EXERCISE:
Starting with the line that holds "杜蘭特生涯總進(jìn)球數" and stopping after the line that holds "monumental para comprobarlo.", repeat the lines below word for word, without the pictures.

GIVEN DATA:
┌────────

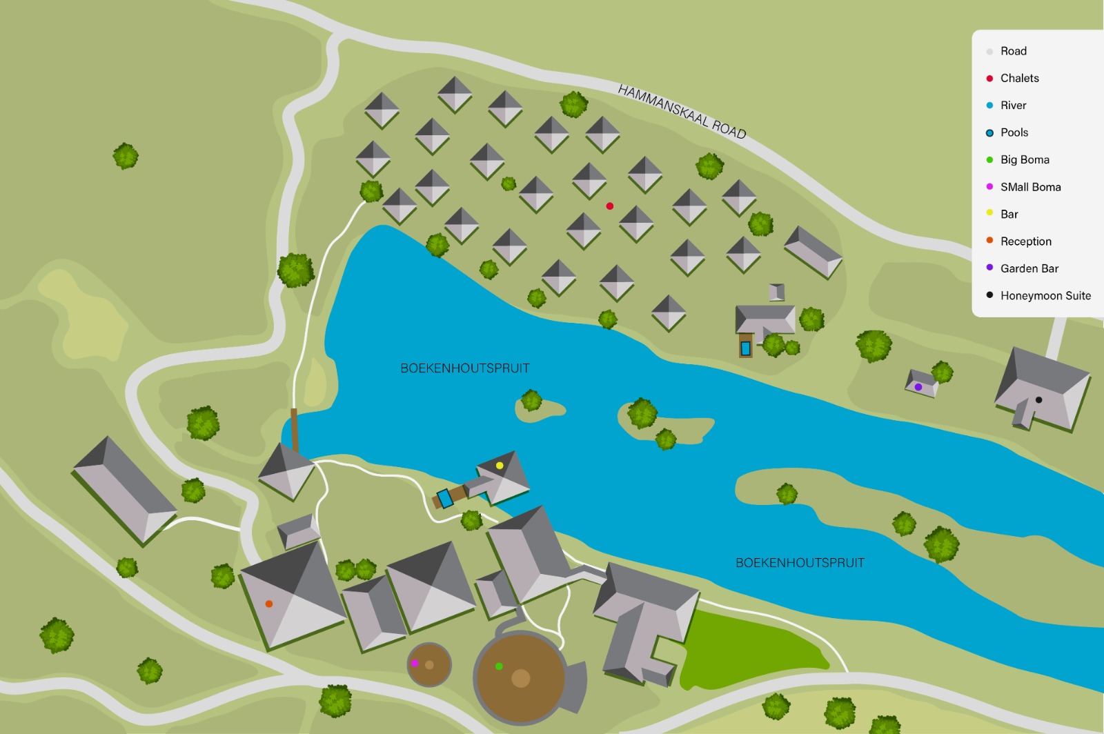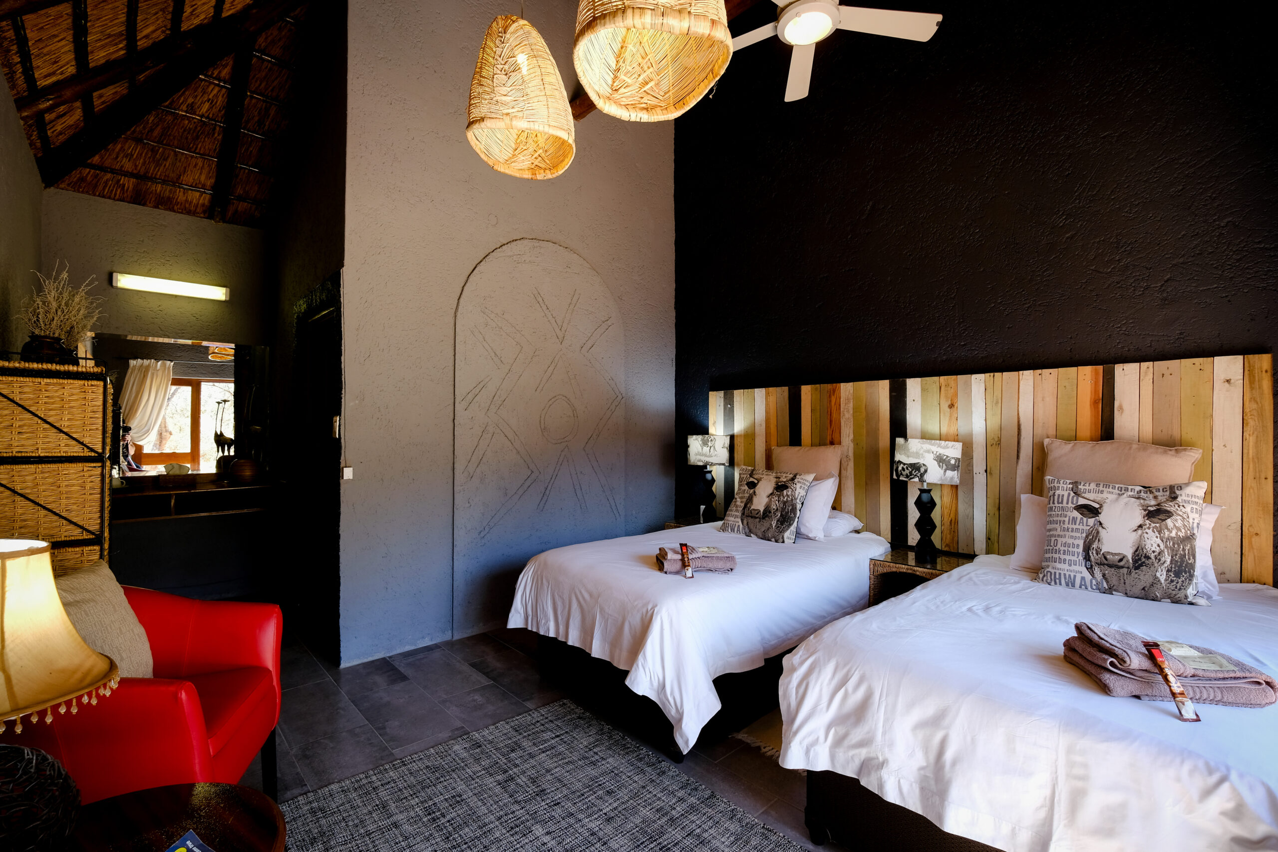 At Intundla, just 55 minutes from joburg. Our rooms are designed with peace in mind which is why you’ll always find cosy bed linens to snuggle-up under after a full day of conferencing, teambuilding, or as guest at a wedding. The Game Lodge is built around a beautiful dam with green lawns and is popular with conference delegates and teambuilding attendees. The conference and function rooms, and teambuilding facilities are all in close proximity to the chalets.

└────────
┌────────

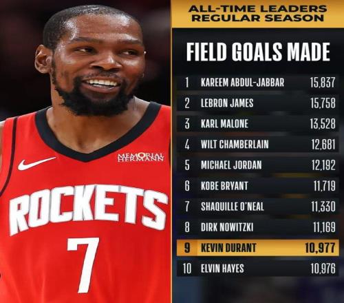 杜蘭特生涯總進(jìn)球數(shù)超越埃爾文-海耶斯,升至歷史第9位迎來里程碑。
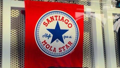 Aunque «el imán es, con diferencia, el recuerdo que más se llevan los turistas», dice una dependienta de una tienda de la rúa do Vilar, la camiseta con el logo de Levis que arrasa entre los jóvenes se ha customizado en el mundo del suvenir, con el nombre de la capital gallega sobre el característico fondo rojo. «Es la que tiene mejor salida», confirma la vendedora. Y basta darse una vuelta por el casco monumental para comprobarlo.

└────────
┌────────

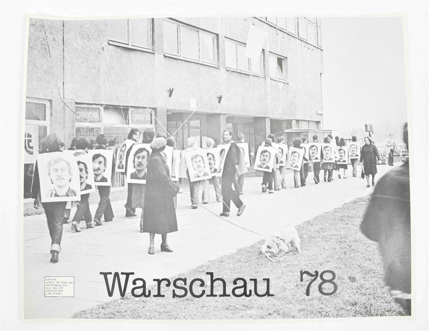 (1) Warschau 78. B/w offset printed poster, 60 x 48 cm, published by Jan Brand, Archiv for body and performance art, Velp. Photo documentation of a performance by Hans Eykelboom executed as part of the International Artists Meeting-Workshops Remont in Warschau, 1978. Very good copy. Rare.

└────────

OUTPUT BELOW:
 杜蘭特生涯總進(jìn)球數(shù)超越埃爾文-海耶斯,升至歷史第9位迎來里程碑。
 Aunque «el imán es, con diferencia, el recuerdo que más se llevan los turistas», dice una dependienta de una tienda de la rúa do Vilar, la camiseta con el logo de Levis que arrasa entre los jóvenes se ha customizado en el mundo del suvenir, con el nombre de la capital gallega sobre el característico fondo rojo. «Es la que tiene mejor salida», confirma la vendedora. Y basta darse una vuelta por el casco monumental para comprobarlo.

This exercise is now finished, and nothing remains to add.